In other words, it was used for in-kernel memory structures. Naively
running htop doesn’t help here. Now what? How do you find out what
exactly uses memory?
/proc/meminfo quickly pointed us to “Slab”.
What’s “Slab”? It’s an allocating mechanism. It’s useful if you have to
deal with a lot of similar objects, for example lots of inode structs
or process descriptors. Slab caches can hold arbitrary data, so they are
not limited to I/O stuff.
Have a look at /proc/slabinfo to get an idea of what’s in there.
The thing is, each of those caches has some management overhead. Since
you generally want to avoid overhead, caches for similar object types
may get merged as an optimization. This, in turn, means that
/proc/slabinfo is not a reliable source of information. This can be
confusing and misleading, because it means that some cache could
contain data that’s not related to the cache’s name in any way.
Consider the following file slab_user.c:
#include <linux/init.h>
#include <linux/module.h>
#include <linux/slab.h>
static struct kmem_cache *my_cache_a;
struct my_data_structure {
uint64_t some_int;
char name[256];
};
static int
slab_user_init(void)
{
my_cache_a = kmem_cache_create("MY_FOO",
sizeof (struct my_data_structure),
0,
0,
NULL);
return 0;
}
static void
slab_user_exit(void)
{
kmem_cache_destroy(my_cache_a);
}
module_init(slab_user_init);
module_exit(slab_user_exit);
MODULE_LICENSE("GPL");
MODULE_AUTHOR("nobody-cares");
If you’re on Arch Linux, install the packages base-devel and
linux-headers, then you can build it using this Makefile (make sure to
use tabs for indentation):
obj-m := slab_user.o
all:
make -C /lib/modules/$(shell uname -r)/build M=$(PWD) modules
clean:
make -C /lib/modules/$(shell uname -r)/build M=$(PWD) clean
I strongly suggest doing this in a virtual machine.
# make
# insmod slab_user.ko
Once that’s done, you’ll see a new slab cache:
# grep MY /proc/slabinfo
MY_FOO 0 0 264 15 1 : tunables 0 0 0 : slabdata 0 0 0
The actual numbers don’t matter. The point is that you see a new slab.

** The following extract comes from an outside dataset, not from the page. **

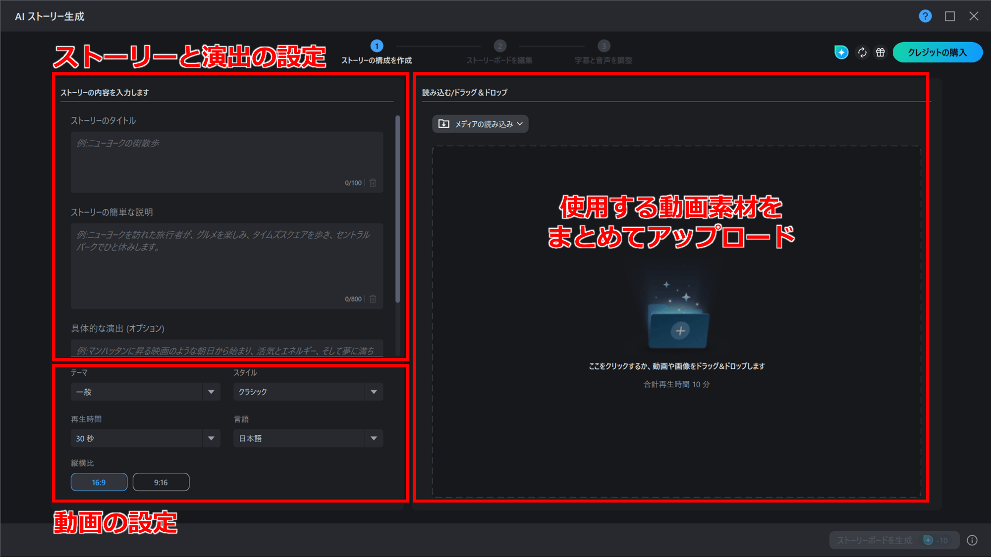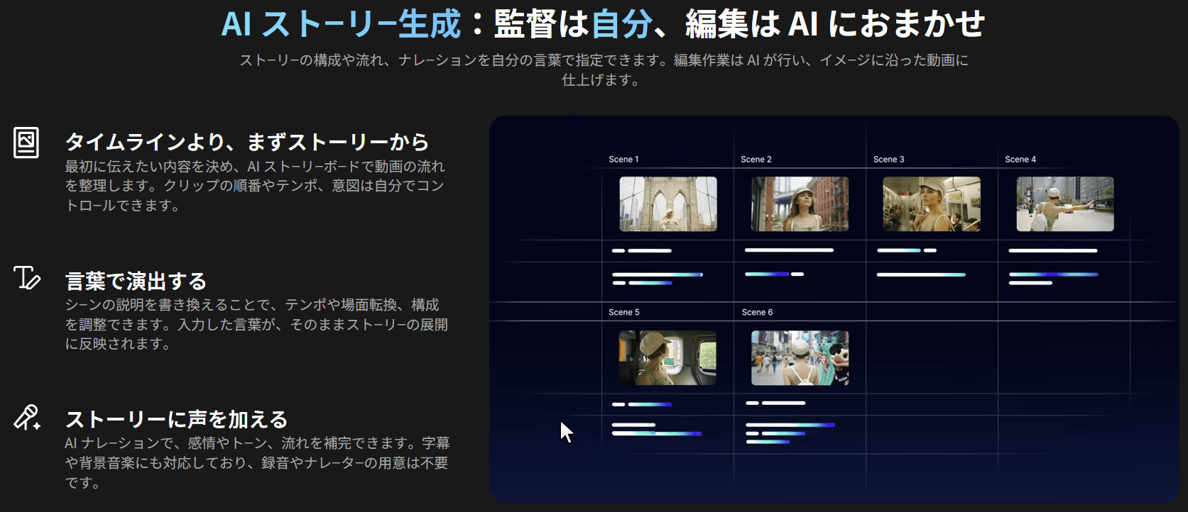 AI自動ストーリー生成は、読み込んだ素材をもとに、字幕、ナレーション、BGM付きの動画構成を自動で作る機能です。ゼロからタイムラインを組むよりも、まず叩き台を作ってから整えたいときに向いています。
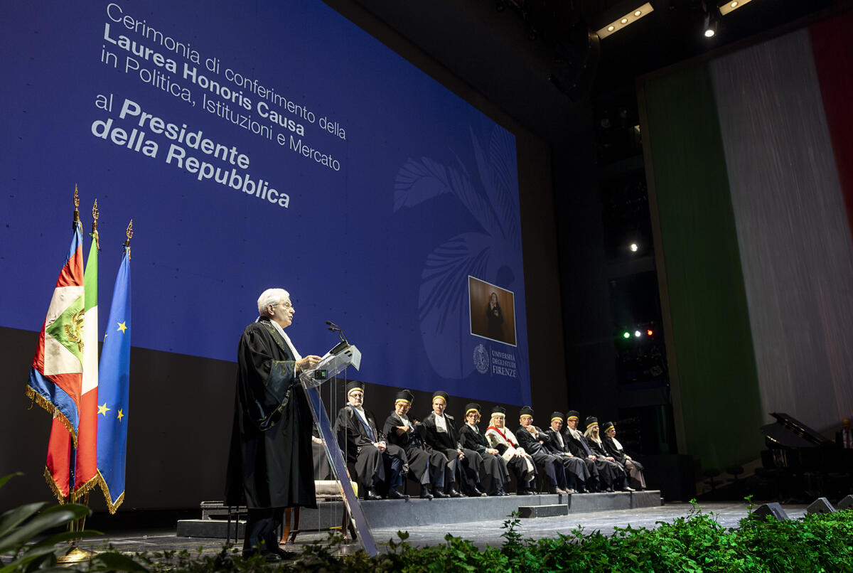 La contemporaneità sta imponendo sfide rivoluzionarie nell’ordine internazionale e in quello economico, con evidenti riflessi sugli ambiti istituzionali”. Con queste parole il presidente della Repubblica, Sergio Mattarella, ha aperto la sua lectio doctoralis all’Università di Firenze, dopo aver ricevuto la laurea magistrale honoris causa in Politica, Istituzioni e Mercato dalla Scuola di Scienze Politiche “Cesare Alfieri”.

Unload the module to get rid of the cache:
# rmmod slab_user
Now modify the code to create two caches:
#include <linux/init.h>
#include <linux/module.h>
#include <linux/slab.h>
static struct kmem_cache *my_cache_a, *my_cache_b;
struct my_data_structure {
uint64_t some_int;
char name[256];
};
static int
slab_user_init(void)
{
my_cache_a = kmem_cache_create("MY_FOO",
sizeof (struct my_data_structure),
0,
0,
NULL);
my_cache_b = kmem_cache_create("MY_BAR",
sizeof (struct my_data_structure),
0,
0,
NULL);
return 0;
}
static void
slab_user_exit(void)
{
kmem_cache_destroy(my_cache_a);
kmem_cache_destroy(my_cache_b);
}
module_init(slab_user_init);
module_exit(slab_user_exit);
MODULE_LICENSE("GPL");
MODULE_AUTHOR("nobody-cares");
What would you expect to see now? Without knowing about slab merging,
you’d like to see both MY_FOO and MY_BAR in /proc/slabinfo. Well,
of course that’s not what happens:
# grep MY /proc/slabinfo
MY_FOO 0 0 264 15 1 : tunables 0 0 0 : slabdata 0 0 0
Still only one cache.
What happens when we now allocate an object from the second cache – the one which we don’t even see here?
#include <linux/init.h>
#include <linux/module.h>
#include <linux/slab.h>
static struct kmem_cache *my_cache_a, *my_cache_b;
struct my_data_structure {
uint64_t some_int;
char name[256];
};
struct my_data_structure *allocated;
static int
slab_user_init(void)
{
my_cache_a = kmem_cache_create("MY_FOO",
sizeof (struct my_data_structure),
0,
0,
NULL);
my_cache_b = kmem_cache_create("MY_BAR",
sizeof (struct my_data_structure),
0,
0,
NULL);
allocated = kmem_cache_alloc(my_cache_b, GFP_KERNEL);
return 0;
}
static void
slab_user_exit(void)
{
kmem_cache_free(my_cache_b, allocated);
kmem_cache_destroy(my_cache_a);
kmem_cache_destroy(my_cache_b);
}
module_init(slab_user_init);
module_exit(slab_user_exit);
MODULE_LICENSE("GPL");
MODULE_AUTHOR("nobody-cares");
Result:
# grep MY /proc/slabinfo
MY_FOO 15 15 264 15 1 : tunables 0 0 0 : slabdata 1 1 0
The first cache shows active objects. That’s the effect of slab merging.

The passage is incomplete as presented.